Au nom de Dieu, le prophète dit au roi : « Dans la prière, demande, pour toi, un signe venant de Yhwh ton Dieu ». C’est ainsi qu’Isaïe veut réveiller dans le roi la confiance en « Yhwh ton Dieu ». Mais le roi refuse de prier Dieu. Il se cache derrière une religiosité apparente. Il ne veut pas prier Dieu, dit-il, parce que la prière n’est pas un acte de confiance en Dieu mais une provocation. En plus, dans sa réponse, le roi ne reconnaît pas Yhwh comme « son Dieu ».
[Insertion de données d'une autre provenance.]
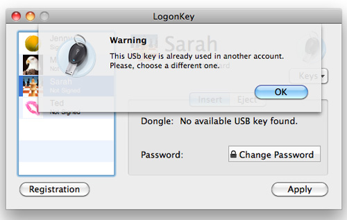 LogonKey sẽ biến thiết bị USB của bạn trở thành thiết bị quản lý mật khẩu xách tay khi nó biến key bảo mật USB như một giải pháp xác nhận. Thiết bị hộp an toàn USB này sẽ cung cấp cho bạn một mã truy cập độc để loại trừ khả năng rò rỉ thông tin không hợp pháp. Phần mềm này sẽ giúp bạn hạn chế truy cập vào hệ thống Mac của bạn và cung cấp quản lý từ xa đáng tin cậy qua cơ sở dữ liệu cá nhân của bạn. Với bảo mật USB, bạn sẽ không phải nhớ mật khẩu phức tạp trong đầu và điền chúng từ bàn phím, thủ tục đăng nhập sẽ được giảm thiểu bằng cách cắm ổ USB vào hệ thống. Cho dù dung lượng lưu trữ của USB là bao nhiêu đi chăng nữa, nó vẫn không phải là vấn đề bởi số serial của USB chính là mật khẩu USB và xác nhận người dùng. Thậm chí, ngay cả khi thiết bị của bạn bị mất, LogonKey có một giải pháp để thay thế số đã mất, chỉ cần điền mật khẩu tài khoản và chọn một Key khác trong cửa sổ chính của LogonKey.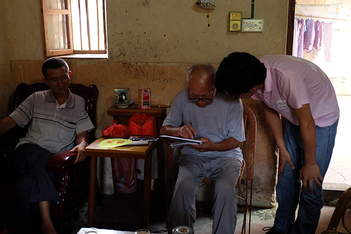 与此同时,调研组为提高关于客家古屋建筑调研工作的程度,他们以分发调查问卷和访谈的形式进行调研。队员们在了解到梅州是围龙屋分布最多的地区,且因围龙屋建得早、年代久远,作为梅州历史的重要见证,具有不可替代的历史价值等资料的基础之上,不断地与当地村民进行深入访谈。其中遇到一位博学多广的老爷爷,其对围龙屋这些古建筑有独特的见解,与队员们热情地讲解了许多,从围龙屋的作用到其历史、结构,老人渊博的学识让队员们赞叹不已,同时也给调研工作提供了重要的参考信息。

Quant au prophète, dans sa réaction, il avoue : « Vous fatiguiez mon Dieu ». Dieu n’est plus, désormais, le Dieu du roi et du peuple : malheureusement Dieu est seulement « mon Dieu » (v. 13), le Dieu du prophète.
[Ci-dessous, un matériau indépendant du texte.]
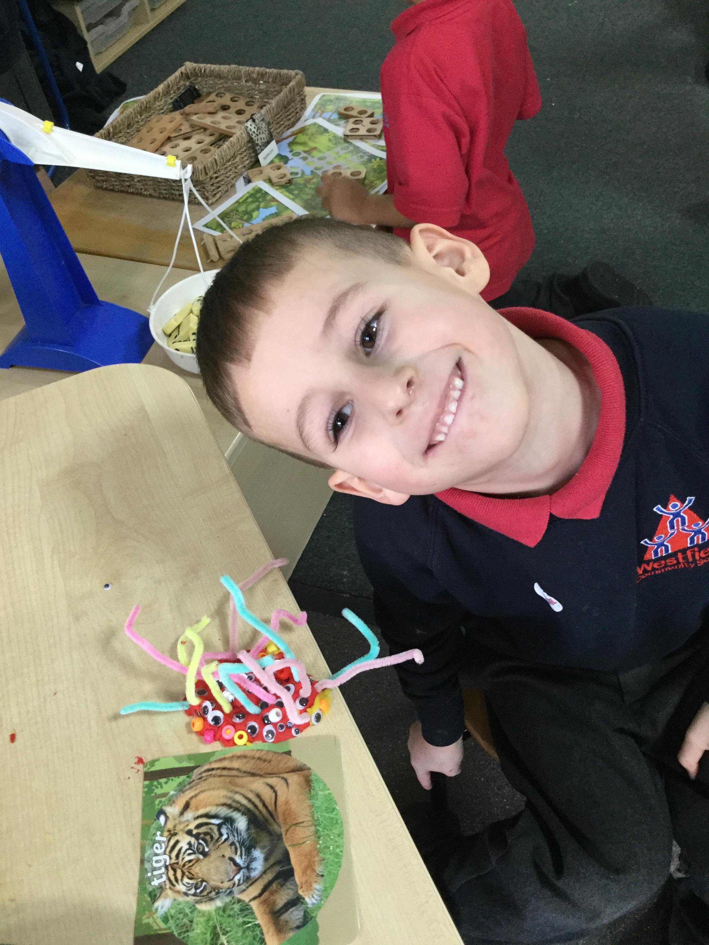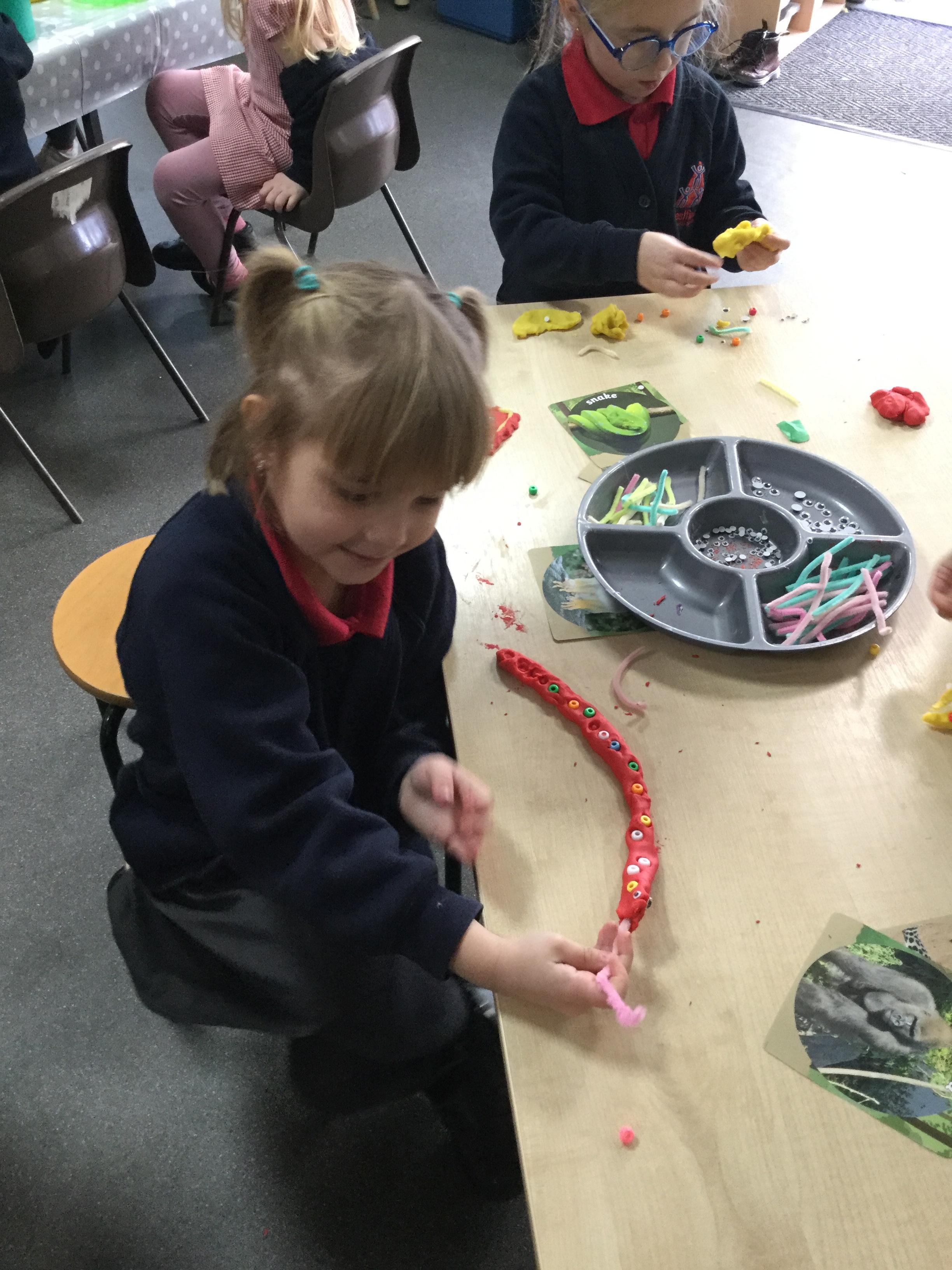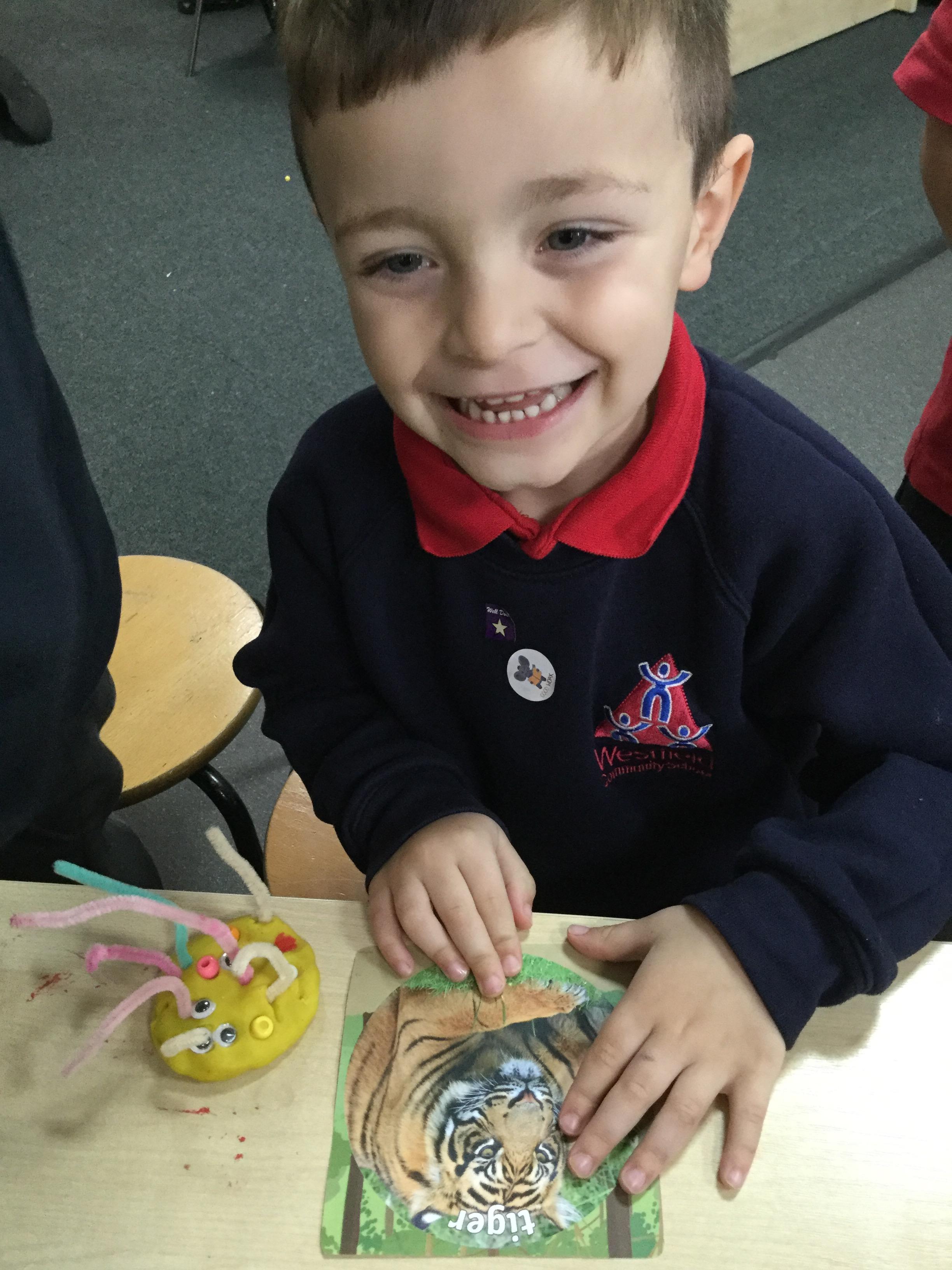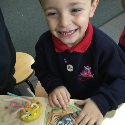 We've been very creative this week, we had half an animal picture that we needed to finish, we created animals from play dough and added pipe cleaners, beads and wobbly eyes. We looked at jungle paintings by the artist Rousseau and made our own pictures based on them. We copied animal patterns and drew some safari scenes.

Et pourtant, à Akhaz qui refuse Dieu, le prophète annonce quand même la naissance d’un fils. Lorsque ce fils sera adulte, capable de « rejeter le mal et choisir le bien » (v. 16), la coalition des Israélites du Royaume du nord et des Syriens sera écrasée.

Cette annonce apportée par le prophète, en mentionnant « un fils », fait référence à Ezéchias, le fils du roi Akhaz. Il succédera à son père. Fils d’un roi infidèle, il sera – vraie surprise – juste et fidèle à Dieu. Son nom, « Emmanuel », qui signifie « Dieu-avec-nous », donnera au peuple un signe d’espoir. On reconnaîtra en lui les traits du messie, d’un envoyé oint de Dieu.

Et, lorsque un demi-millénaire plus tard, on traduira en grec la page d’Isaïe, cette surprise

 

sera portée au comble. Au lieu de dire « Voici que la jeune femme est enceinte et mettra au monde un fils » (v. 14), les grecs vont traduire : « Voici la vierge sera enceinte et mettra au monde un fils, et tu l’appelleras Emmanuel ».

 

Du livre du prophète Isaïe (7,10-16)

10 Et continua, Yhwh, à parler à Akhaz en disant : 11 « Dans la prière, demande, pour toi, un signe venant de Yhwh ton Dieu, un signe soit dans les profondeurs du séjour des morts, soit dans les lieux les plus élevés ».

12 Et dit Akhaz : « Je ne demanderai rien dans la prière, et je ne mettrai pas Yhwh à l’épreuve ». 13 Alors Isaïe dit : « Ecoutez donc, maison de David ! Est-ce trop peu pour vous de fatiguer les hommes ? Vous fatiguiez aussi mon Dieu !

14 C’est pourquoi le Seigneur lui-même vous donnera un signe: Voici que la jeune femme est enceinte et elle mettra au monde un fils, et elle lui donnera le nom d’Emmanuel, c’est-à-dire: Dieu-avec-nous. 15 Il se nourrira de lait fermenté et de miel jusqu’au moment où il saura rejeter le mal et choisir le bien. 16 Avant même que l’enfant sache rejeter le mal et choisir le bien, le territoire dont les deux rois te font si peur sera abandonné par ses habitants ».